A normal nap does involve street clothes unless it’s summer and I’ve been gardening. In such cases, I strip down and really wallow in the texture of the bed linens. But it is winter. Most likely, this afternoon will find me in jeans, sweatshirt and accompanied by puppies snoozing (and drooling on the pillow) away a couple of hours. (A pox on the power nap! Anything less than a couple hours can’t properly be called a nap.)
It’s all good. While the past ten days have been anything but Total Zen in 2010, I’m feeling pretty grounded and centered. Restored, if you will. The renewal of the New Normal schedule of my life seems doable. A couple of weeks ago, I was ready to wave the white flag of surrender. The opportunity to nap has made all the difference.
I believe it was Shakespeare (or maybe Ben Franklin or Homer Simpson or Ted Kennedy) who said: “Nap and the world naps with you. Arise and the work begins anew.” 🙂
Huh. I like it, but can’t figure out if it is pro-nap or anti-nap. A koan perhaps?
Naps! RAWK. Naps with fuzzy lovables = best! My favorite place to nap is on the sofa….it’s a reclining sofa. Polar-fleece blanket in my lap and my sweet Ginger comes a runnin’.
Kindred spirits, we are. I’m resisting the siren call of the bed right now. I’d like to clean the kitchen and get started on some laundry. It’s a battle – war even. Connie vs. The Bed
Sadly, I can’t take many naps anymore due to our sleep schedule. Awaking at 5am, and then going back to sleep a couple of hours afterward would put my sleep schedule on a crash course with a black hole – in which I will never come out of.
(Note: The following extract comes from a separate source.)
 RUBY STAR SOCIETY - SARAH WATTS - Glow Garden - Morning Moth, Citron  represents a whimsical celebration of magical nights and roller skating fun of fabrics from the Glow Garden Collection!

I’ve got my schedule pretty much worked out and I don’t want to mess it up. Doesn’t mean I don’t miss those naps though. 😦
Naps! It’s been so long since I took a nap I can’t remember it. When my boys were little I would put them down for their afternoon nap and then sneak in a 20-minute nap for me. That ended years ago, and I’ve never been able to do it since. I envy you the ability to overcome guilt and just…sleep. What a concept. I can almost feel these oh-so-many threadcount sheets. Mmmmmm…
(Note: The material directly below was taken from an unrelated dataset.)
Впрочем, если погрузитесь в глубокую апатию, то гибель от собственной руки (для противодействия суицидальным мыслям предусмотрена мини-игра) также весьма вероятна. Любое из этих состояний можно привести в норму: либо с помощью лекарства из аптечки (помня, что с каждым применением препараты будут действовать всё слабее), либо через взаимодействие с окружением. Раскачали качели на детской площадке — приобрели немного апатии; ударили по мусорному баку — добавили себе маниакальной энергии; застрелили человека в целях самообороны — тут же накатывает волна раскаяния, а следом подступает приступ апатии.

My husband, on the other hand, is a great napper. He can sleep for 3 hours in the afternoon and still go to bed at 9pm and sleep until I roust him out at 6am. I don’t see how he can sleep that much but he seems to have no problems with it. Me, I tell him he’s sleeping his life away! We’ve only got so many years left, and he wants to spend them sleeping? I guess so, and maybe he’s the sane one here. He relaxes and sleeps, I go full-tilt and stay tired–but hate to go to bed until I can’t keep my eyes open any longer, for fear of losing some time.
Came over to thank you for the tip on Aqua Net for static. I could electrocute myself lately by touching a light switch. I always ground myself before touching my laptop of course wouldn’t want to kill both of us.
I think after reading this post about naps, I’m ready for one. I love naps, wish I had the silk nightwear or napwere to wear for the occasion. =)
Well, welcome! Stick around!
My, I could’ve written this. It’s only in recent years that I have claimed my genetic disposition and fully embraced the richness of a good nap. Indeed, a power nap is anathema! I till take Gleason (the lab) to bed for a good hour or two.
I love the photo of your bed. I need to get our room in shape. Alas, my other half doesn’t approach decadence in the same manner as I.
I love my bed. And I so miss it this afternoon. I had a carb-or-iffic lunch and my head’s about to hit my desk.
With 2 kids (one just under 4), I’m the queen of the power naps…30 minutes tops. But, if given the chance, I can get in bed and easy get in 2 hours! Ahhhh.
I’m pleased you can do it. When the boy was small, I couldn’t nap to save my life. I think he was 2 before I lost that glazed, red-eyes with dark circles reflection in the mirror.